I recently started following Williams-Sonoma's blog, which is where I found the apple galette recipe and learned about the cooking class. The recipe was a winner, the cooking class not so much.
This was my first class at Williams-Sonoma and I had low expectations due their classes being free, but it was still worse than I imagined. First, classes are held at the checkout area. Imagine 25 people crowded around the counter, making it difficult for other customers to checkout. Advance registration is required, but their attendance cap is too high given the size of cooking class space.
Being crowded would have been fine if the content of the class was worthwhile, but it felt like an ad for KitchenAid. On a related note, the KitchenAid rep was in the store last week. I understand the purpose of the class is to sell Williams-Sonoma products but it would have been nice if items related to pies (the topic of the class) had been the focus.
|Williams-Sonoma's Photo - Technique Class: Classic Crusts|
I love that Chris is just as addicted to the store as I am. He was running low on his favorite tomato & roasted red pepper soup, so it was his idea to visit just one week after the store opened. We're now fully stocked on our Trader Joe's favorites and we picked up some new items which I'm anxious to try.
I was intrigued when I saw America's Test Kitchen's recent video on how to microwave kale chips, so I picked up one bunch of lacinato kale while grocery shopping this weekend. I highly recommend this method for making kale chips! I ate the entire bunch of greens in 2.5 minute intervals while standing in front of my microwave.

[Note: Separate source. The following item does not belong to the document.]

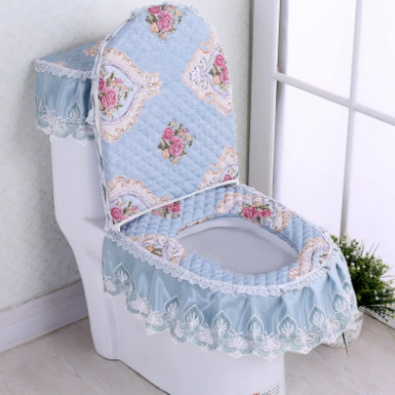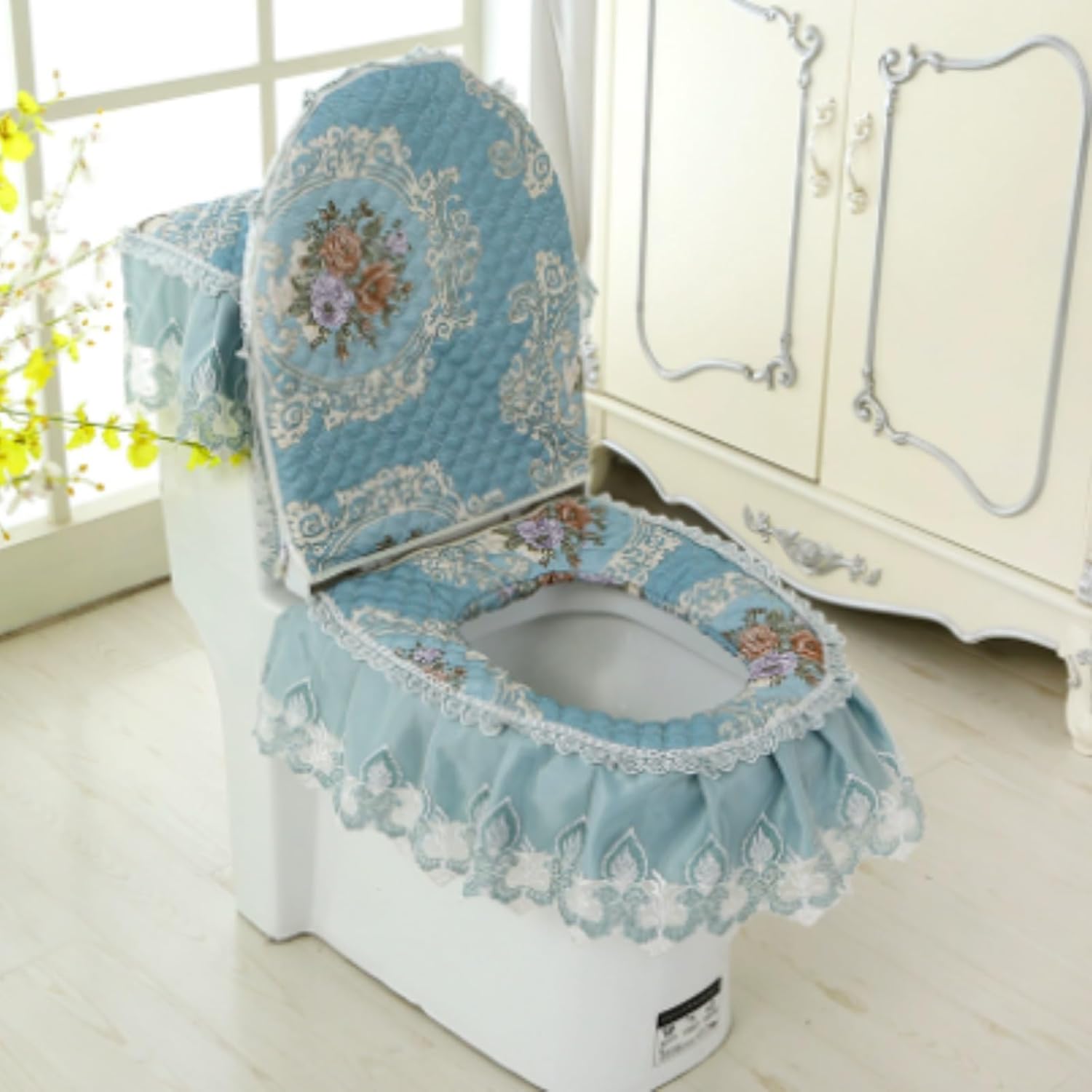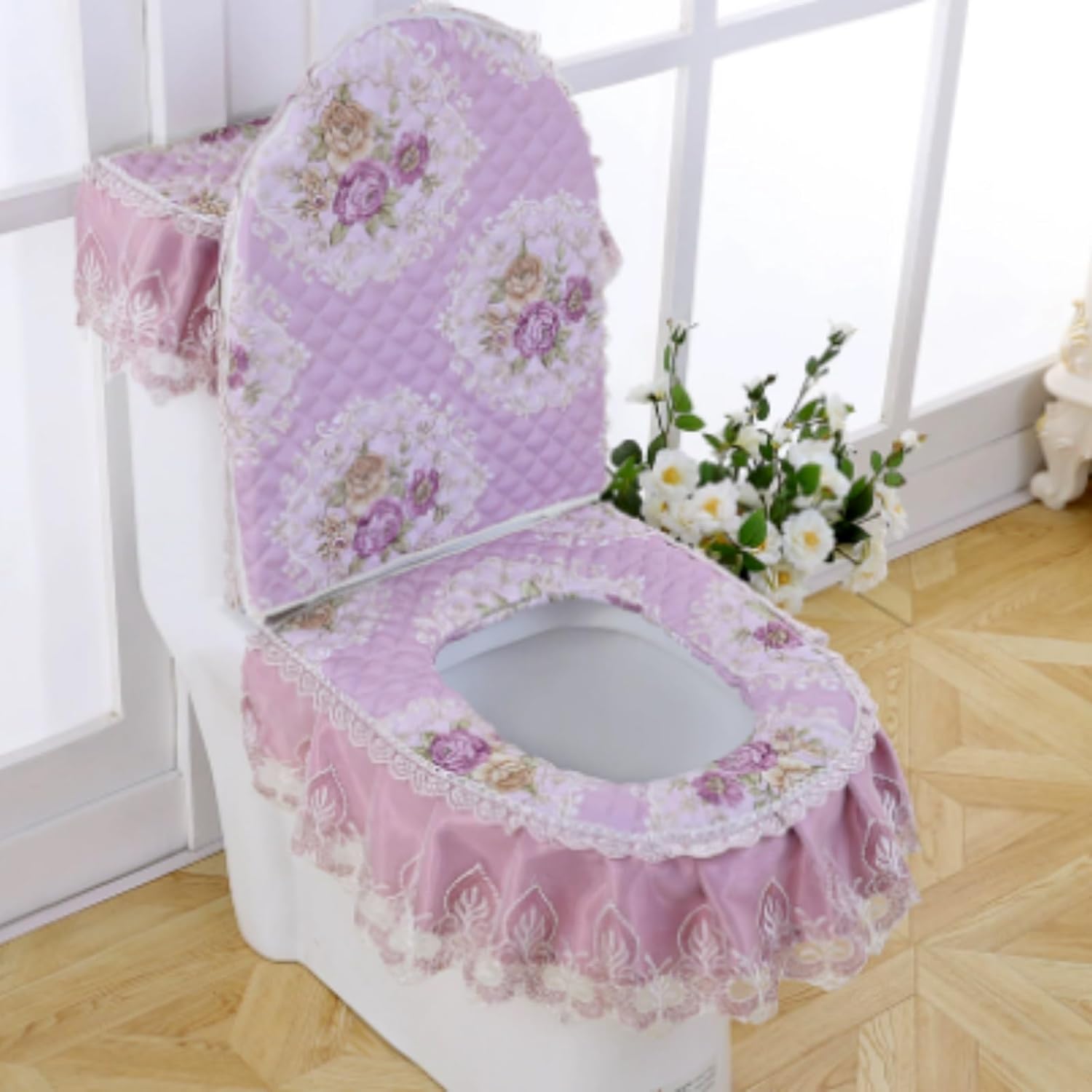 • Embroidered Lace: This toilet seat set boasts an elegant and luxurious appearance, featuring intricate embroidery and lace detailing. It's stylish and refined, adding a touch of modern flair to your bathroom

Each batch sounded like microwave popcorn which had me concerned, especially when I saw kale flying around the microwave, but eventually each batch settled down and I didn't see any flames as one video commenter mentioned, which would really be scary.
So the moral of this post is, have full faith in Williams-Sonoma's recipes, but be wary of their cooking classes. Before fall passes us by, I recommend getting yourself some apples and making these cute little galettes.
Prep Time: 1.5 hours
Cook Time: 35-40 minutes
Ingredients (serves 6)
- 2 cups all-purpose flour
- 1/2 teaspoon salt
- 1 tablespoon sugar
- 3/4 cup cold butter, cut into pieces
- 1/2 cup ice water
- 3 large (4 medium) apples such as Gala or Pink Lady, sliced 1/4-inch thick (peeled or unpeeled)
- zest of 1 lemon
- 1 tablespoon fresh lemon juice
- 1/4 cup sugar
- 1/2 teaspoon cinnamon
- In the bowl of a food processor, combine the flour, salt and sugar. Sprinkle the butter over the top and pulse for a few seconds. Sprinkle water over the flour mixture and process just until the mixture starts to come together. Dump the dough into a large Ziploc bag and press into a flat disk. Refrigerate for at least 30 minutes, or up to 1 day.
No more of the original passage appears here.